British Broadcasting Corporation

C A B C A B C A B C a b c

So * * * has nine situations: (AAA)(AAB)(AAC)

(American Bar Association) (ABB) (American Broadcasting Corporation)

ACB anti-corruption Committee

(1) When three people go to high school, the probability of (AAA) is 1/9.

(2) Only two people choose the same thing (AAB)(AAC)(ABA)(ABB)(ACA)ACC).

The probability is 6/9 and the simplification is 2/3.

The second question:

(1) It is proved that ∫△∴mb=mc is an equilateral triangle ∠MBC=∠MCB.

BC ∴∠MBC=∠AMB

* am = Deutsche Mark ∴△AMB≌△DMC ∴AB=DC.

So the trapezoid ABCD is an isosceles trapezoid.

(2) Solution: ∫△MBC is an equilateral triangle ∠ MPQ = 60 unchanged.

∴∠bmp+∠bpm= 120∠cpq+∠BPM = 120 ∴∠bmp=∠cpq

∴△ BMP ∴△ CPQ ∴ BM/PC = BP/CQ, which means 4/x=(4-x)/(4-y).

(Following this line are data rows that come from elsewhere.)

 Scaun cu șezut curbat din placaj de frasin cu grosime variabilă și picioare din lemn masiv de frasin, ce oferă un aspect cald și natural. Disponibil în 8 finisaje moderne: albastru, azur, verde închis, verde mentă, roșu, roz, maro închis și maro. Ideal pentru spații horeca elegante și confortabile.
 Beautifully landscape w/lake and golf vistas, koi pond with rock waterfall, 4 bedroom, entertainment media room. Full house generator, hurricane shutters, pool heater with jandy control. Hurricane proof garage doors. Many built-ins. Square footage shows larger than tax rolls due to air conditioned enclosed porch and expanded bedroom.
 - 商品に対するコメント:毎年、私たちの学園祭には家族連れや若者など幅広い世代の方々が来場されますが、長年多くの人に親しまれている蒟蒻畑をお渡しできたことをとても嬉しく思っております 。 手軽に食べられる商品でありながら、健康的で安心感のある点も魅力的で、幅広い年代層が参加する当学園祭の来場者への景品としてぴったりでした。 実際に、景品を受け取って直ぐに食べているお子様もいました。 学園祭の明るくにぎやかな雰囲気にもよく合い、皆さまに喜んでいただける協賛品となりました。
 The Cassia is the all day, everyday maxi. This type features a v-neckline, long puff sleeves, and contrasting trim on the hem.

Deformation can get y= 1/4 x? - x + 4

(3)① When y takes the minimum value, according to y= 1/4 x? The minimum value of -x+4 is (4ac-b? )/4a=3

At this time ∴ QC=4-3= 1.

∫△BMP∽△cpq ∴bm/pc=bp/cq, that is, 4/x=(4-x)/ 1, and x=2.

At this time, ∴, PC=BP MP is the midline on BC, and MP is also the angular bisector of ∠BMC according to the three-line unity theorem.

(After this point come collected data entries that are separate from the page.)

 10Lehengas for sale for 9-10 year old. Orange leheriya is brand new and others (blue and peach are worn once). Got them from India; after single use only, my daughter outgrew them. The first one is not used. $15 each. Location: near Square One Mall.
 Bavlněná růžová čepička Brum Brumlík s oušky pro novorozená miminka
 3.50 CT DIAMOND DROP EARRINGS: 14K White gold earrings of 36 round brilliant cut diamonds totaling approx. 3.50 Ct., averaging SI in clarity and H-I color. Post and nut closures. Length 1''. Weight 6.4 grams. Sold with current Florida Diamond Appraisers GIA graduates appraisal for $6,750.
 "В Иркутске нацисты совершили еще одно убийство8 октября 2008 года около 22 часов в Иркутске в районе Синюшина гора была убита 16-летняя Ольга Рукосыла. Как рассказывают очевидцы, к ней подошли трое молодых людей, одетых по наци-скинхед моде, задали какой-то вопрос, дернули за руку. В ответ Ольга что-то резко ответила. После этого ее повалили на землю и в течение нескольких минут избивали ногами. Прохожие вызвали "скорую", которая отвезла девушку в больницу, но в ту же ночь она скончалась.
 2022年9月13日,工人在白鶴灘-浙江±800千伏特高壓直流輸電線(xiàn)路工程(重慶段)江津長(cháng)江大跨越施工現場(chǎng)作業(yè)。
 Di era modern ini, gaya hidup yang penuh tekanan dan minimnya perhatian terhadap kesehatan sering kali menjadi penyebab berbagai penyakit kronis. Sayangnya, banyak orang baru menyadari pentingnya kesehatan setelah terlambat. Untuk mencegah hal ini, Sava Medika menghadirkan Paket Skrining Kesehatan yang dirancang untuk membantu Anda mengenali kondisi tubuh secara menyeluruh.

∴∠ PMC = 30 and ∴ ≈mpq = 60∴∠mqp =∠pqc = 90.

∴△PQC is a right triangle

② When BP= 1, AM is parallel and equal to BP, so the quadrilateral ABPM is a parallelogram.

Because ∠ mpq = 60 remains unchanged, there is only one parallelogram that meets the requirements.